Limitations & Future Work

  • High Latency: 195s per question is heavy for real-time embodied applications; multi-round LLM-VLM turnarounds are the primary overhead.
  • Dependency on Strong LLMs: Gains are tied to high-tier LLMs like Qwen2.5-Max. The sensitivity of planning quality to weaker LLMs or the API costs involved requires more discussion.
  • Offline EM-EQA Focus: Currently limited to pre-recorded videos; applicability to Active EQA (A-EQA) involving navigation and interaction remains to be verified.
  • Prompt Engineering Dependency: Map updates rely heavily on carefully designed prompts, which may affect robustness across different domains.
  • vs. Socratic Strategies: Socratic methods use instruction-agnostic captions; CLiViS uses "on-demand perception" via LLM queries, outperforming them by ~20%.
  • vs. End-to-end VLMs: While VLMs have strong perception, they lack planning; CLiViS builds a planning loop on top of existing VLMs to provide stable gains.
  • vs. Video Reasoning Methods: Static pipelines like VideoTree fail on complex verification; Video-R1 requires expensive training.
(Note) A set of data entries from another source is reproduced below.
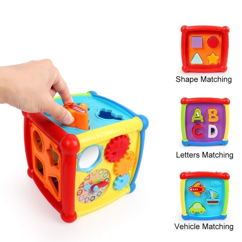 • 6 in 1 Multi-function - The baby sorting toy includes shape block,alphabet block, vehicles blcok,alphabet cognition,music learning and time learning center. Exquisite mirror and rotatable gears of cute colorful Cube is enough to attract the baby's attention,the most important is that it can be used as excellent block storage box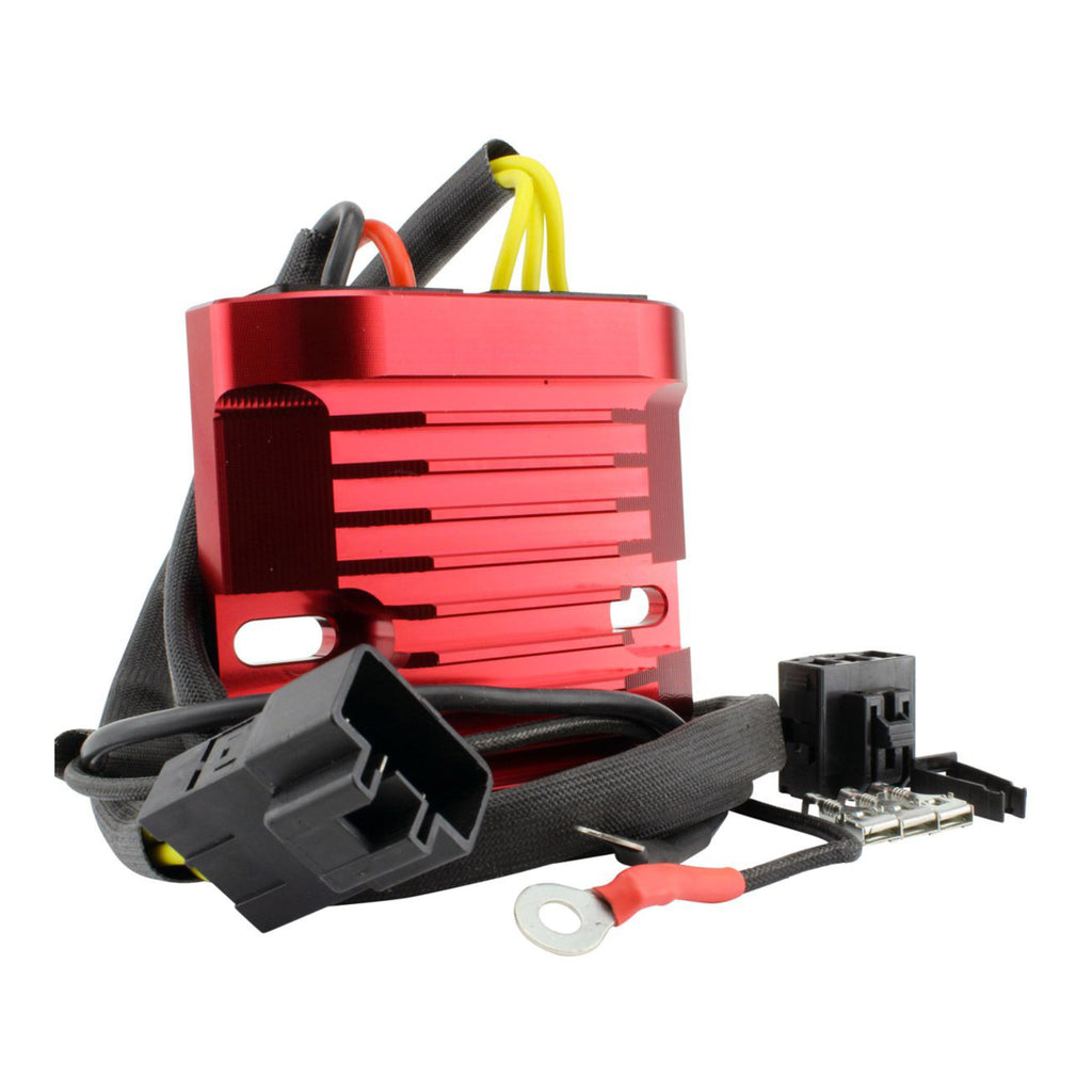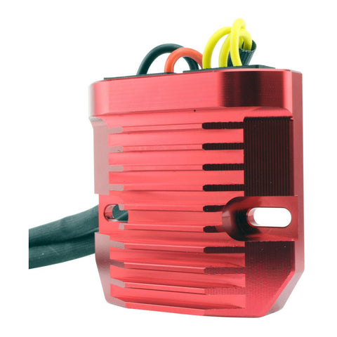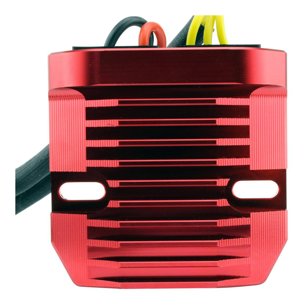Significantly lowers the operating temperature for an increased voltage regulator lifespan. Provide a steadier and smoother signal to the battery. - Billet aluminum housing: Runs 33% cooler than standard cast voltage regulator housings.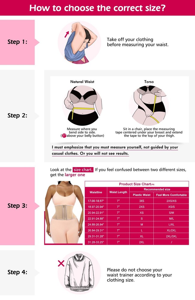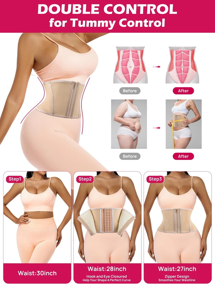 HOW TO CHOOSE RIGHT SIZE: The waist trainer is different from our other clothes, please read our size chart before your purchase, our size chart is in the product pictures. And please choose the size according to your real waist circumference. 7 INCHES SHORT TORSO: The super short torso of the waist trainer shorter than the 9 inches the 11.5 inches torso waist trainer. It is more suitable for very short torso, short short torso, young girls, the women of small body. And the waist cincher is also fit for working on office, outdoor sports, gym fitness, yoga, postpartum belly abdomen corsets etc. The 7” short torso waist trainer will make your body more flexible than other long torso waist training. SHAPE HOURGLASS FIGURE: The waist corsets made off the high elastic latex, and have a great function of ductility, high compression, reduce waist circumference up to 3-5 inches instantly; And shape the perfect hourglass waist and tighten abdomen for you. BURN EXCESS FAT: It is also sport and fitness waist trainer, it can be worn for fitness, used for postpartum belly abdomen corsets, increase blood flow to the torso and help you burn excess fat of your abdomen to lose weight. The slimming tummy control also can reduce your stomach. KEEP CORRECT BODY POSTURE: The spiral steel bones of the tummy trainers are covered in front and back for offering support, smooth waist line, and make your waist stiffness and keep your straight and prevent slouching. And the waist shaper also can protect back and reduce back pain.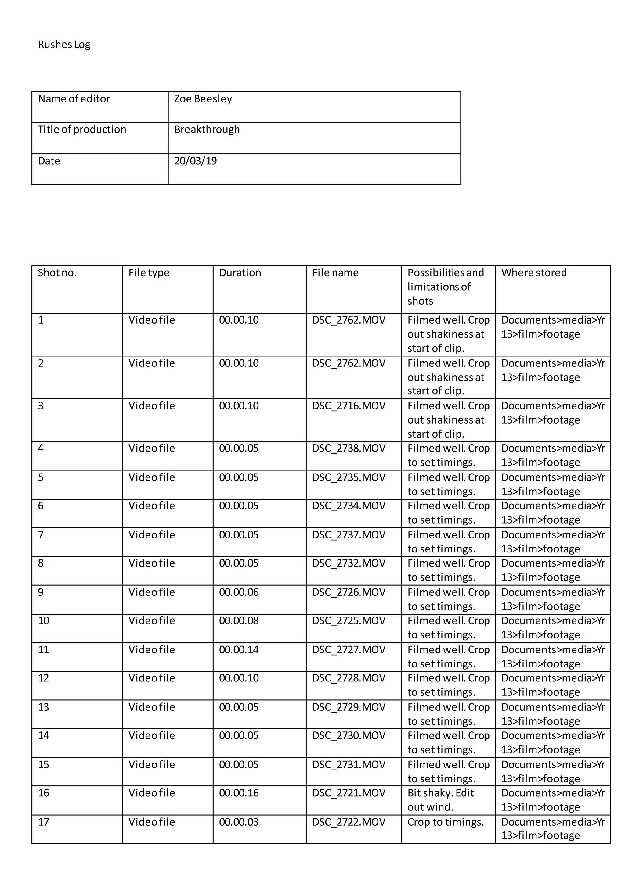 This document is a rushes log created by Zoe Beesley for the production "Breakthrough" on 20/03/19. It contains details of 74 video clips including file names, durations, possible editing requirements such as cropping or speed adjustments, and file locations. The majority of clips will require cropping to match timings or eliminate shaky footage, while some may need adjustments to brightness, speed, or specific areas selected.
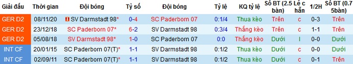 + Lịch sử đối đầu Paderborn vs Darmstadt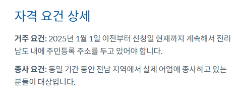 - 거주 요건: 2025년 1월 1일 이전부터 신청일 현재까지 계속해서 전라남도 내에 주민등록 주소를 두고 있어야 합니다.
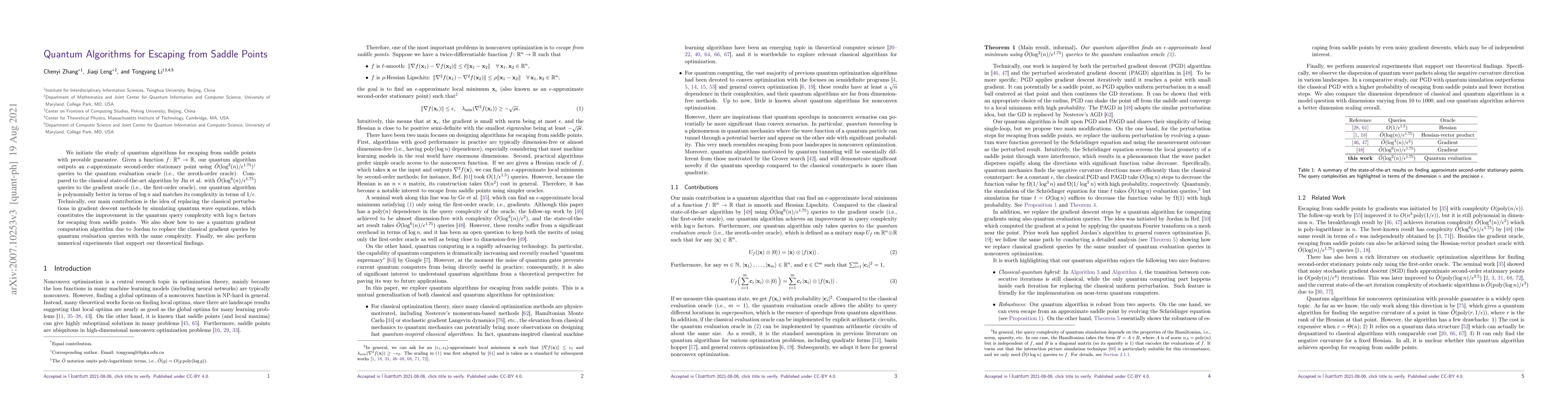 This paper introduces quantum algorithms for efficiently escaping saddle points in optimization, achieving polynomially fewer queries compared to classical methods. The quantum approach leverages quantum wave equations and gradient computations to improve query complexity significantly.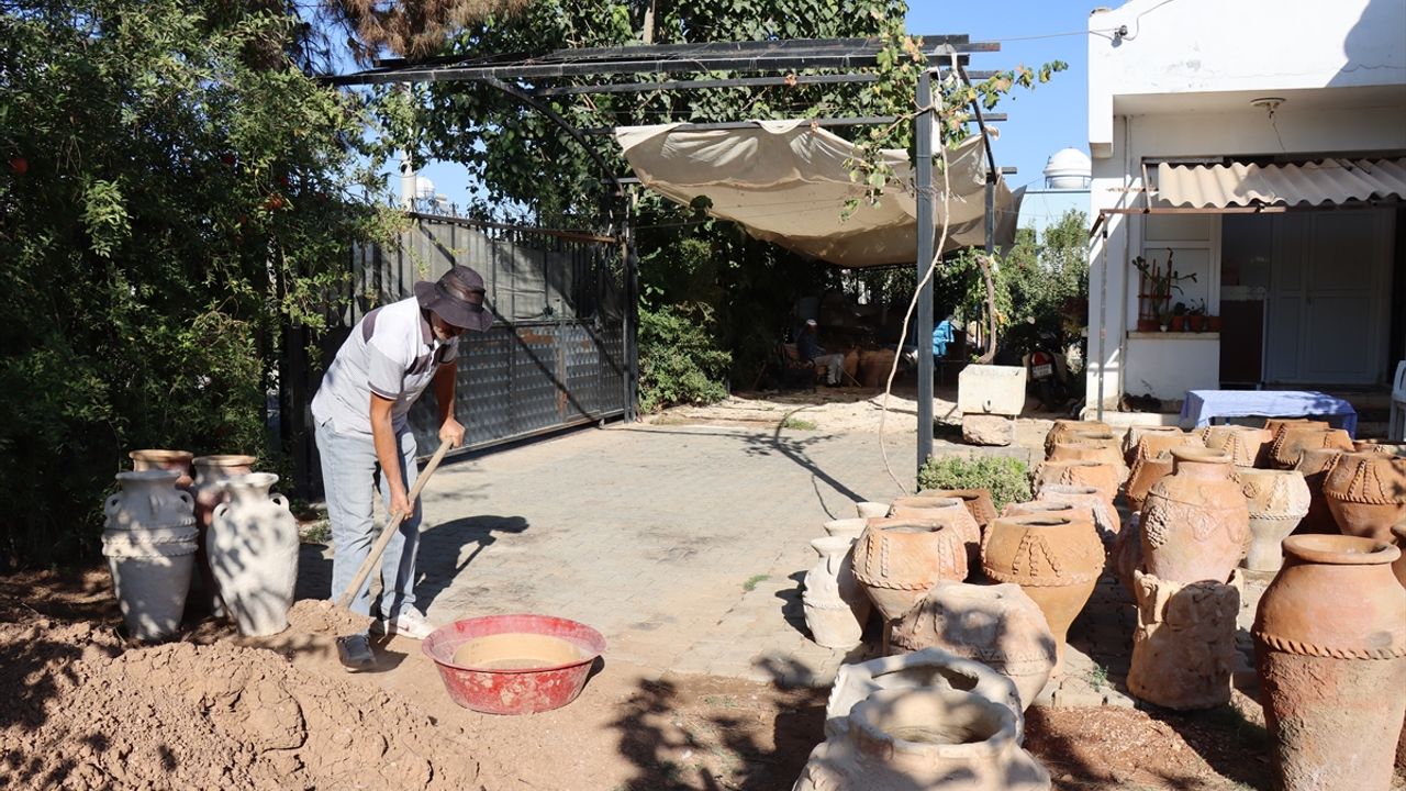 İlerleyen yaşına rağmen maharetli elleriyle çamuru sanata dönüştüren Cuma Aran, AA muhabirine, oğluyla mahallede çıkardıkları kırmızı ve killi toprağı atölyenin bulunduğu bahçeye taşıdıklarını, burada leğenlerin içerisinde suyla karıştırarak oluşturdukları çamuru bir gün beklettiklerini anlattı.

CLiViS is training-free and uses an iterative loop to消解 ambiguity, outperforming VideoTree by 9.4% on EgoSchema while being faster than VideoAgent.

Rating

  • Novelty: ⭐⭐⭐⭐ Uses a dynamic cognitive map and hypothesis-verification loop as a synergy medium; clear, training-free approach, though individual components have precedents.
  • Experimental Thoroughness: ⭐⭐⭐⭐ Three benchmarks, multiple VLM backbones, extensive ablations, and latency analysis; lacks systematic testing across LLM capability levels.
  • Writing Quality: ⭐⭐⭐⭐ Clear formalization, intuitive diagrams, and well-explained three-phase process.
  • Value: ⭐⭐⭐⭐ Training-free and model-agnostic; highly relevant for long-range embodied reasoning, though latency remains a deployment hurdle.